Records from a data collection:
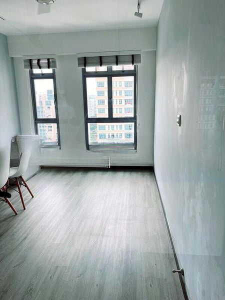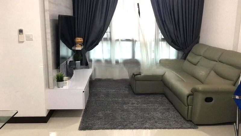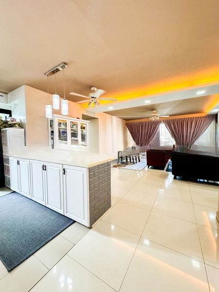 This thoughtfully renovated 3-bedroom flat features an L-shaped kitchen adorned with dual-tone cabinetry and stainless steel appliances, perfect for culinary enthusiasts. The bedrooms are fitted with parquet flooring and plush furnishings, including a large orange padded headboard that adds a touch of warmth. A dedicated study with wooden bookshelves provides an ideal workspace, ensuring functionality without compromising style.
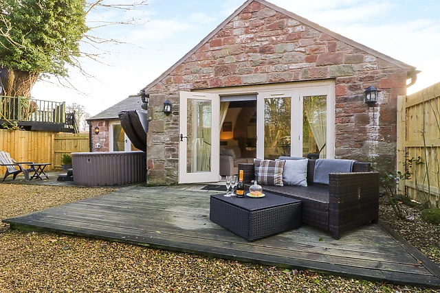 The sitting room leads out onto a decking area with patio furniture, and the bedroom patio doors lead out to your own private hot tub, perfect for a romantic summer’s evening. Netherby is a tiny hamlet near to the England/Scotland border.
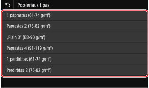 Pasirinkite popieriaus tipą, kuri norite užregistruoti.
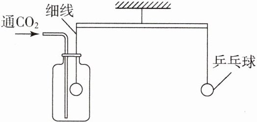 9.新考向 跨学科 如图,杠杆已调至平衡,向集气瓶内缓慢通入一定量的CO₂气体,稍后再倒入浓NaOH溶液(液面不接触乒乓球)。下列说法正确的是( )
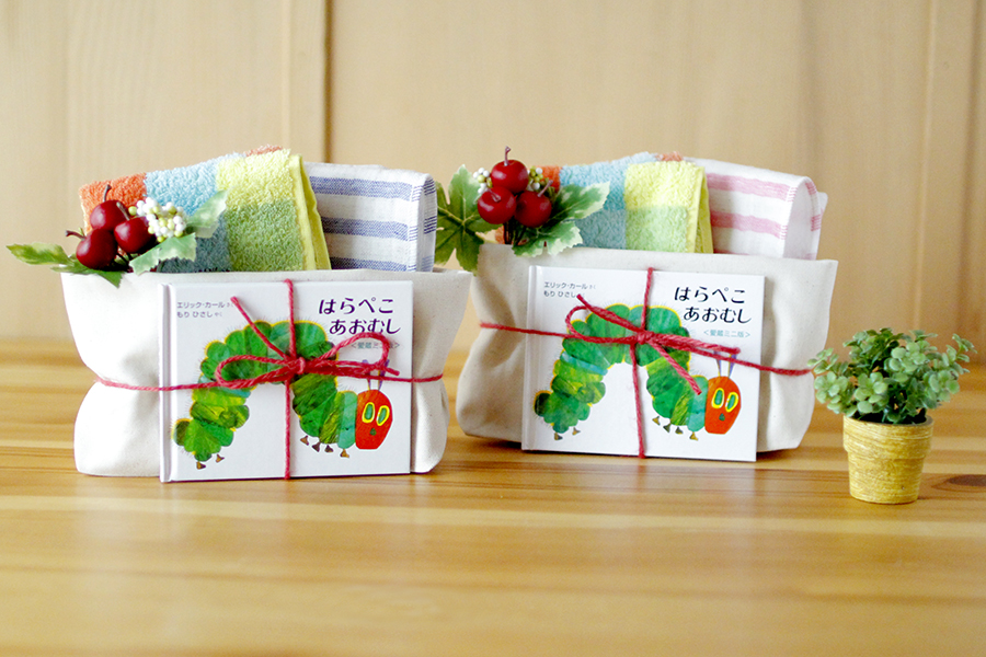 小さなはらぺこあおむしの絵本とビタミンカラーが鮮やかなあおむしハンドタオル。 高品質の今治ハンドタオルをシンプルなトートバックにまとめました。 可愛らしいセットは、プレゼントに大人気! 出産祝いのプレゼントにいかがでしょうか。
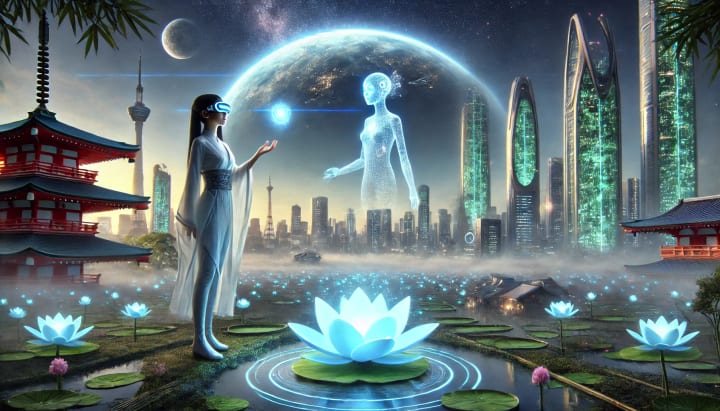 On a crisp morning in 2050, Aria Nguyen wandered through the SkyDome, a marvel of human ingenuity hovering above Kyoto. This floating garden wasn’t just a sanctuary of greenery; it was a symbol of Earth’s renewal. Ancient plants once thought extinct thrived here, brought back to life through genetic reconstruction. One plant in particular—a glowing blue lotus—caught Aria’s attention. Her augmented reality lenses displayed its history, while her AI companion, Amara, whispered softly beside her:
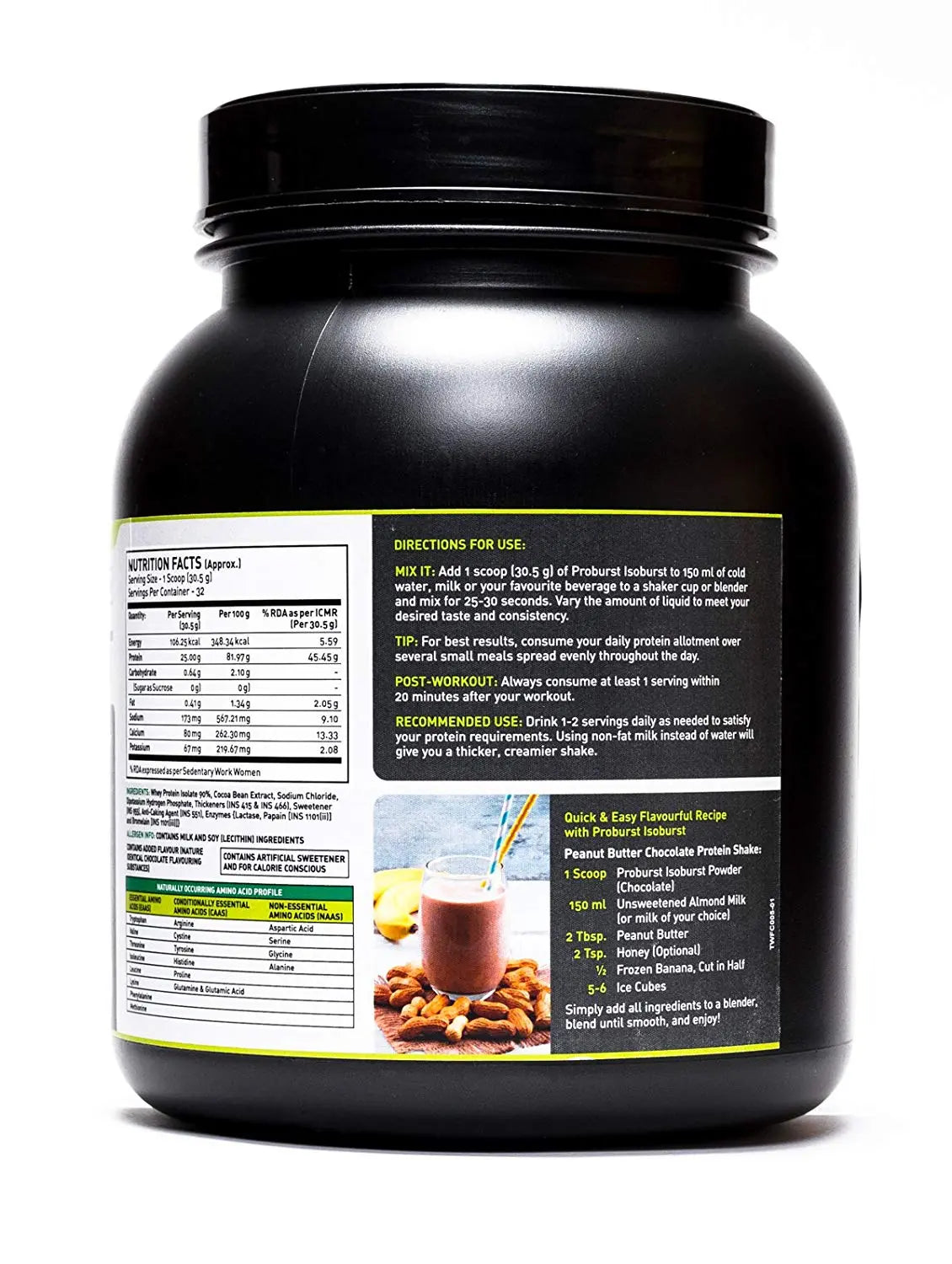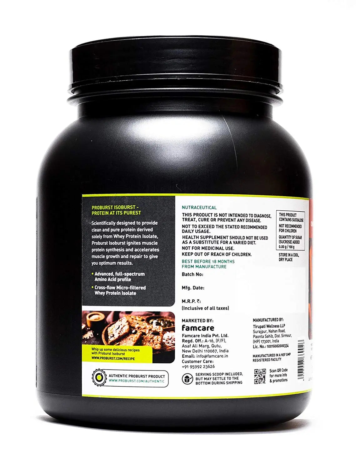 Proburst isoburst whey isolate is a premium quality whey isolate which helps in promoting easy absorption of protein by your muscles for a swift release of the protein energy. It is a superior quality whey protein, which is developed using micro filtered technology to ensure that your muscles get the optimum amount of protein they need for building muscles. This whey isolate not only contains protein but is also rich in bcaas and eaas. It aids in building endurance and increases your stamina. Moreover, it supports faster recovery after a rigorous workout session. Thus, it is a perfect protein supplement with a wide array of benefits. It aids you to enhance the development of your muscles and eliminate the unwanted fats from the body. It consists of micro filtered whey protein that is absorbed rapidly by the body and aids in the enhancement of the anabolic muscle proteins. It aids in increasing your workout performance and endurance to help you train for long hours.
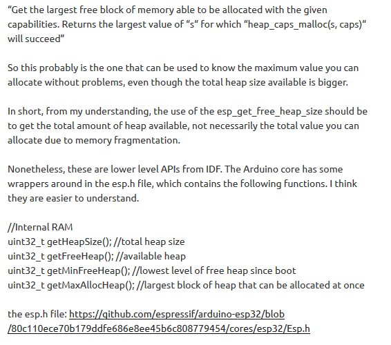- https://techtutorialsx.com/2017/12/17/esp32-arduino-getting-the-free-heap/
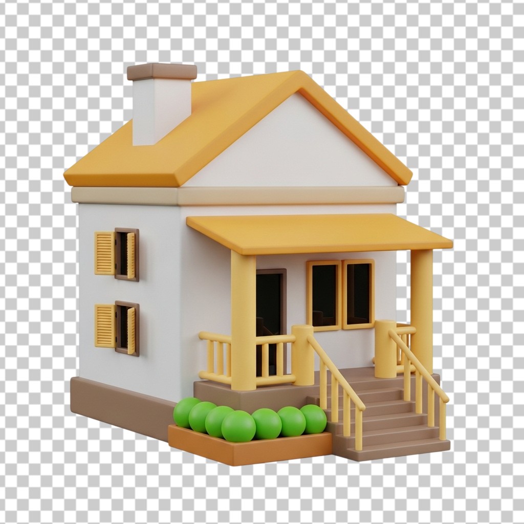 3D Suburban Family House Architecture Illustration PNG Transparent Background
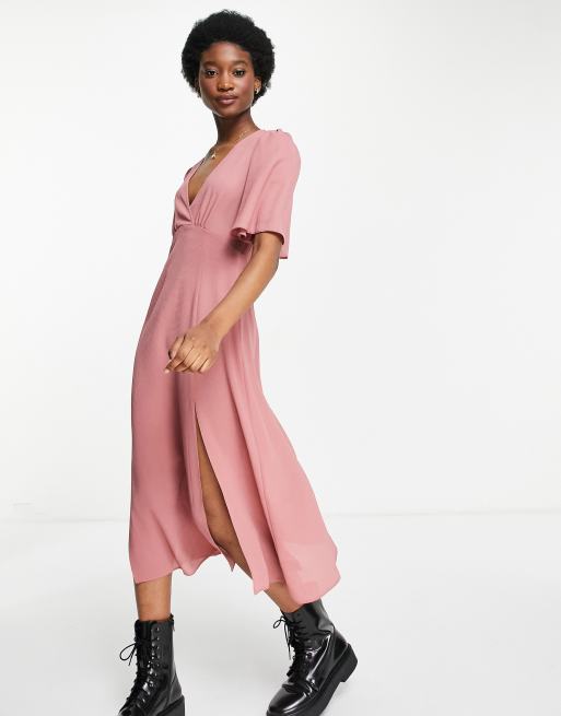 ASOS DESIGN angel sleeve midi dress in mink Very well made.
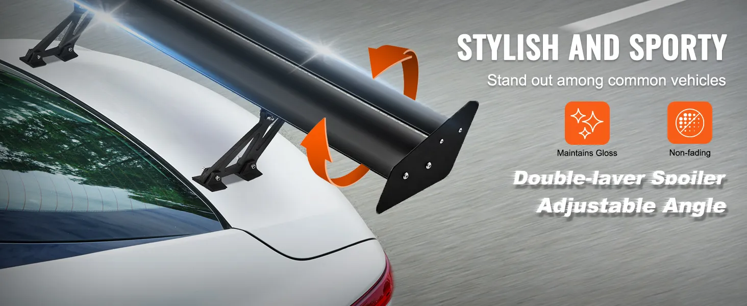 The VEVOR GT wing car spoiler has a stylish design. It uses a sprayed painting process to give it a premium matte texture. This texture doesn't fade or age, keeping it looking new for longer. The rugged, straight-line design adds a sleek look to your car. This spoiler will make your vehicle look like a Formula One racing car. Its adjustable bracket angle lets you customize the appearance. Enhance your automobile's look with this durable and stylish spoiler.
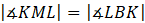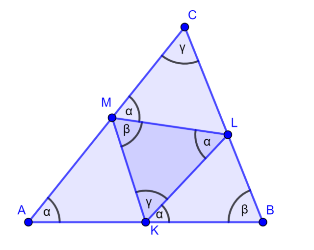 Kąty trójkąta KLM są równe kątom trójkąta ABC.
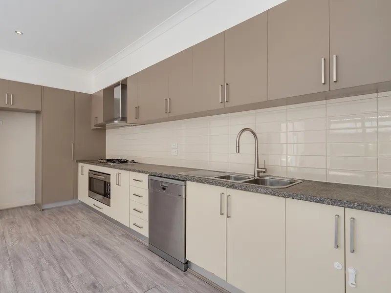 Modern and spacious kitchen featuring a dishwasher, stainless steel appliances and ample cupboard space.

Try it:
Starting at the line containing "3D Suburban Family" and finishing at the line containing "ASOS DESIGN angel", return those lines exactly as they appear above, without the pictures.

Reply to the exercise:
 3D Suburban Family House Architecture Illustration PNG Transparent Background
 ASOS DESIGN angel sleeve midi dress in mink Very well made.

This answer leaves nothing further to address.